The completed application will show the power and ease with which Kubernetes manages both apps and infrastructure, creating a sandbox where you can build, deploy, and spin up many instances under load.

Get Kubernetes up and Running

The first step in building our Kr8sswordz Puzzle application is to set up Kubernetes and get comfortable with running containers in a pod. We’ll install several tools explained along the way: Docker, Minikube, and Kubectl.

To complete these exercises, you’ll need a computer running an up-to-date version of Linux or macOS. Your computer should have 16 GB of RAM.
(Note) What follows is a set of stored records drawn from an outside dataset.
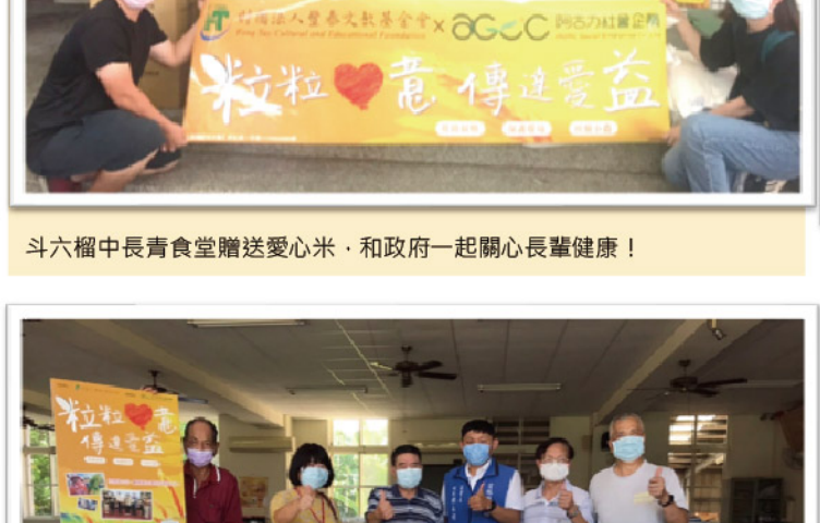
90多歲的 阿公也是 長青食堂的 志工喔
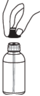
5-Dolu enjektör şişeden ayrılır, sonraki kullanımlarda kolaylık için adaptör şişe üzerinde bırakılır.

Kendinizi daha iyi hissetseniz bile, öncelikle doktorunuza danışmadan ABİZOL günlük dozunu değiştirmeyiniz ya da kesmeyiniz.
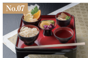
No.07 黒膳(神式) 1,500円(税別)
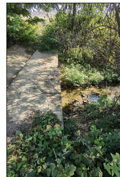
PODET EXISTENT peste parau VOINICENI

L2cz SUBZONA subzona locuintelor individuale si colective mici cu P+1,2 niveluri retrase de la aliniament cu regim de cosntruire discontinuu/continuu sau grupat, situat in noile extinderi

Exercise 1: Install Docker

Docker is one of the most widely-used container technologies and works directly with Kubernetes. In this exercise we’ll install Docker and then try out a few commands.

Install Docker on Linux

To quickly install Docker on Ubuntu 16.04 or higher, open a terminal and enter the following commands (see the Linux installation instructions for other distributions):

sudo apt-get update

curl -fsSL https://get.docker.com/ | sh

After installation, create a Docker group so you can run Docker commands as a non-root user (you’ll need to log out and then log back in after running this command):

sudo usermod -aG docker $USER

When you’re all done, make sure Docker is running:

sudo service docker start

Install Docker on macOS

Download Docker for Mac (stable) and follow the installation instructions. To launch Docker, double-click the Docker icon in the Applications folder. Once it’s running, you’ll see a whale icon in the menu bar.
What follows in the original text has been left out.